- O Globo
STF precisa evitar impressão de agir por casuísmo. O movimento do Supremo Tribunal Federal de rever a prisão após condenação em segunda instância, agora que o ex-presidente Lula foi condenado, é casuísmo. Mostra que a lei não vale para todos. O sinal dado é que Lula é pessoa pela qual se deve mudar um entendimento em vigor. Ele passa a ser, na cidadania brasileira, superior aos outros, ou, como preferem os doutos, primus inter pares.
Lula não está sozinho nessa torcida para que mude o entendimento do Supremo. Há políticos, empresários, servidores, investigados, denunciados ou condenados pela Lava-Jato que querem que continue a existir essa interminável avenida recursal, pela qual sempre caminhou a impunidade brasileira para os crimes de colarinho branco. Imagine só a torcida na cela de Sérgio Cabral ou de Eduardo Cunha.

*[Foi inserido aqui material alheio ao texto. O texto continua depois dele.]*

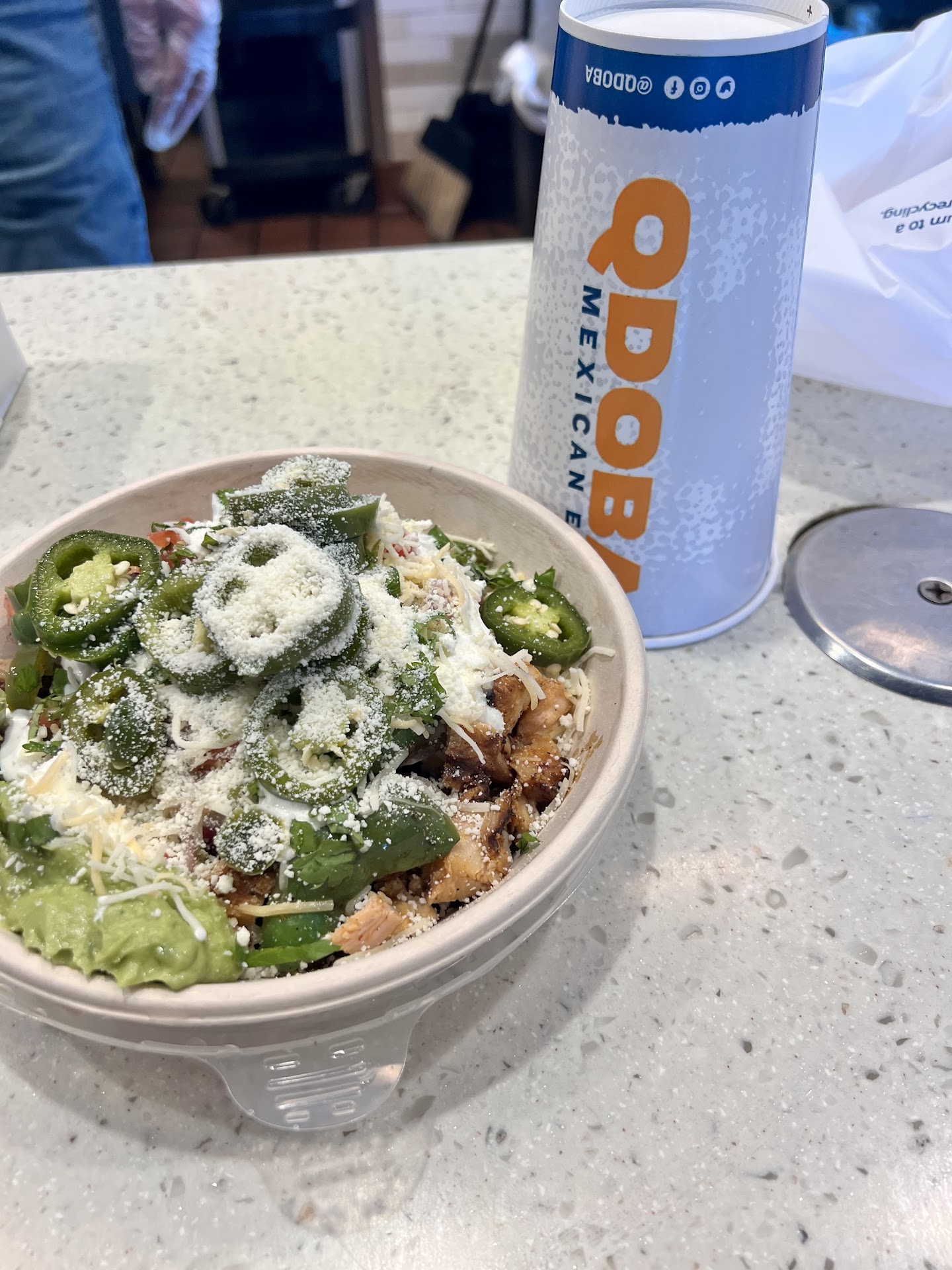 Read moreI'm not going back to this Qdoba anymore. Most times I go, you're waiting whether you order online or in person because the establishment doesn't know how to work online orders and in store orders. My friend and I stood in line and when we finally get up to place our order, we're stopped and told to hang on so she could fill several online orders. These orders ALL used white rice, so when she's done, she tells us oh, we're out of white rice. So the several online orders were filled and now we don't get our lunch because you're now out of white rice. She didn't know how long it was going to take? Ok, so you're in the middle of lunch and are out of a common staple. This place just doesn't know how to manage things well at all. I was ready to give up on the place last year and was told to try again, it would be better. Nope. I will just travel the extra distance to chipolte. My online order is always ready and when I walk in to place an order, they don't tell me to hang on so they can handle online orders and make me stand there and wait as the line continues backup...

Há torcida também até no Planalto, afinal, ao fim do mandato o ex-presidente Michel Temer enfrentará os processos dos quais fugiu recentemente quando o Congresso recusou as denúncias do Ministério Público.
Há várias questões postas diante desse nó cego em que o país está. Dois ex-presidentes estavam, na quinta-feira, no palco de uma reunião partidária quando o PT fez repetidas afirmações de que não respeitaria a decisão judicial. A promessa foi afrontar o Judiciário e responder à sentença com luta de rua. O que significa não respeitar decisão do Judiciário? Nada. É retórica de palanque apenas, porque se a ordem for de prisão será cumprida, e se a decisão for de inelegibilidade assim será. Ninguém pode ser candidato sem sê-lo pela lei eleitoral. A decisão de entregar o passaporte foi cumprida no começo da sexta-feira, distanciando discurso e gesto.
O que precisa ficar mais clara é a linha divisória entre retórica inflamada de campanha e o que líderes políticos, principalmente os que já tiveram o poder de governar o Brasil, podem dizer ou estimular. A briga que conta, e o PT sabe disso, é a que ele travará nos tribunais da mesma Justiça que ele diz desprezar quando recebe resultados desfavoráveis.
Se o STF considerar, por uma nova maioria, que a prisão após a condenação em segunda instância fere princípios constitucionais, que o faça e tem esse poder. Mas é preciso deixar bem claras as razões que levam uma corte suprema a ser tão instável em sua interpretação das leis. Afinal, há pouco mais de um ano o placar foi outro. Revista agora, parecerá uma interpretação sob medida para resolver problema específico de pessoa determinada. É preciso afastar a impressão de que numa república existam pessoas especiais, com mais direitos que os outros, diante da Justiça.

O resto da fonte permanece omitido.